Amortization
Payments & Amortization
The process of paying off a loan through scheduled payments split between interest and principal. Early payments are mostly interest; later ones are mostly principal, which is why the same monthly payment pays down the balance faster over time.
Appraised Value
Insurance & Property Costs
A lender-ordered professional estimate of a home's market value. For PMI cancellation, a fresh appraisal can sometimes prove your equity has grown through appreciation, though the automatic termination date is still tied to the home's original value, not a new appraisal.

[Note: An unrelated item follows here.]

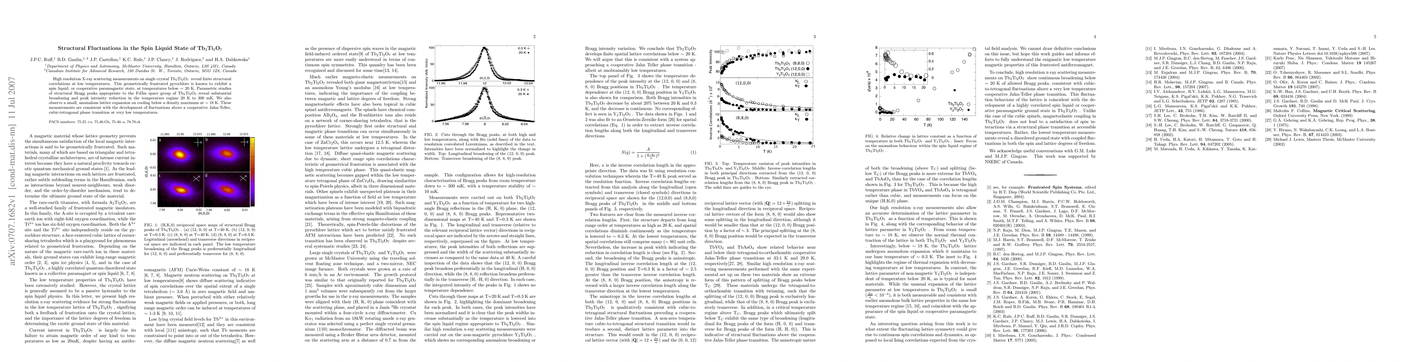 High-resolution X-ray scattering on Tb2Ti2O7 reveals structural fluctuations at low temperatures, indicating a cooperative Jahn-Teller transition in the spin liquid state, evidenced by peak broadening and anomalous lattice expansion below ~18 K.

ARM (Adjustable-Rate Mortgage)
Loan Types & Programs
A mortgage whose interest rate is fixed for an initial period and then adjusts periodically based on a market index. Refinancing out of an ARM into a fixed conventional loan is one common reason to run a break-even comparison.
Back-End Ratio
Ratios & Qualifying
A debt-to-income calculation that includes your total housing payment plus every other monthly debt — car loans, student loans, credit cards. Most lenders underwrite to this ratio rather than the narrower front-end ratio.
Break-Even Point
Costs & Fees
The month at which cumulative savings from a financial decision — paying points, refinancing — finally equal the upfront cost of making that decision. Before this point you're behind; after it, you're ahead.
Cash Reserves
Ratios & Qualifying
Liquid savings a borrower has left after closing, measured in months of mortgage payments. Lenders treat strong reserves as a compensating factor that can offset a higher DTI or a lower DSCR.
Cash-Out Refinance
Refinancing & Equity
Replacing your entire existing mortgage with a new, larger loan and taking the difference in cash. Because it re-prices your whole balance at the new rate, it can cost more than the closing-cost figure alone suggests if you already have a low rate.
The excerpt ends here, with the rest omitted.